Saevus Corax is quite clear up front, he's not a nice man, but what he's going to tell us is the truth.
These things are both true, he kills someone within the first half-dozen pages, and he does tell us the truth about it.
He just doesn't always (ever) tell us the full truth.
Saevus Corax runs a company engaged in battlefield salvage, which in his world (the same one as in Parker's 16 Ways to Defend a Walled City and related books) means taking out a contract with the two sides in a war, giving you the responsibility for dealing with the dead, and the rights to whatever you can find on them.
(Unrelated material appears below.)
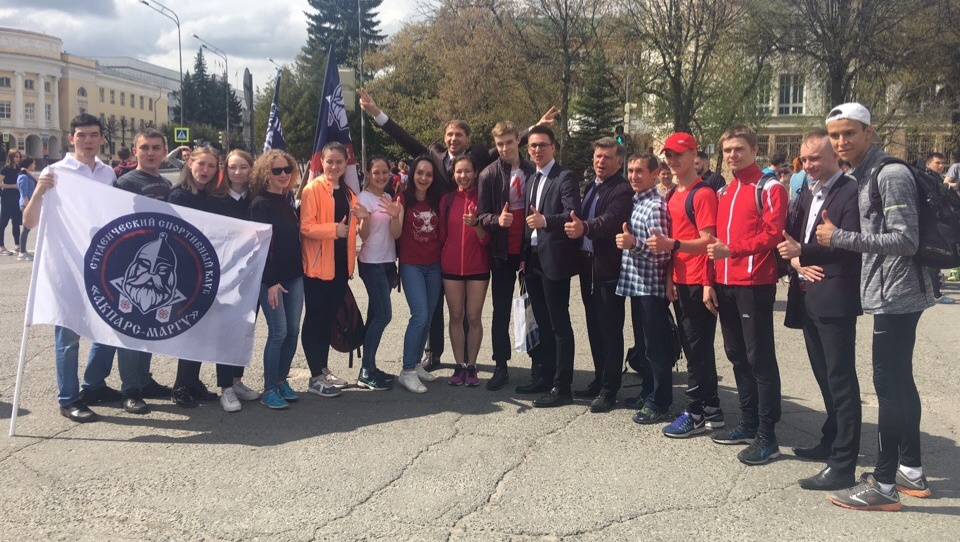 Команда Марийского государственного университета, в состав которой входят исключительно студенты, занимающиеся в легкоатлетической секции Центра физкультурно-спортивной деятельности, успешно преодолела все этапы эстафеты и на радость болельщикам пришла к финишу первой.

So post-battle Corax, his half-dozen department heads cum friends and his 500 men arrive at the battlefield and start collecting the salvage - weapons, armour, clothes, shoes, and personal valuables (and in certain cases valuables that were persons), and finally collecting and burning the bodies, which is the worst job and one Corax keeps for himself. Obviously they prefer a fresh battlefield.
It's not a job for people who want to be well liked or to have a settled home-life.
Corax and his people do have a base, somewhere to rest and refit between wars, and it's when they get home that the problems start.
Someone is setting Corax up, and they're doing a good job of it. Before we're a quarter of the way through the book, Corax is wanted by essentially the entire civilized world. And when the whole world is trying to turn you in for the reward(s), you need to think fast, have no qualms about the things you need to do, and have contacts everywhere.
So it's just as well he's Saevus Corax, not someone else.
Thoroughly recommended.
Just remember, he never tells you the entire truth. Even at the end.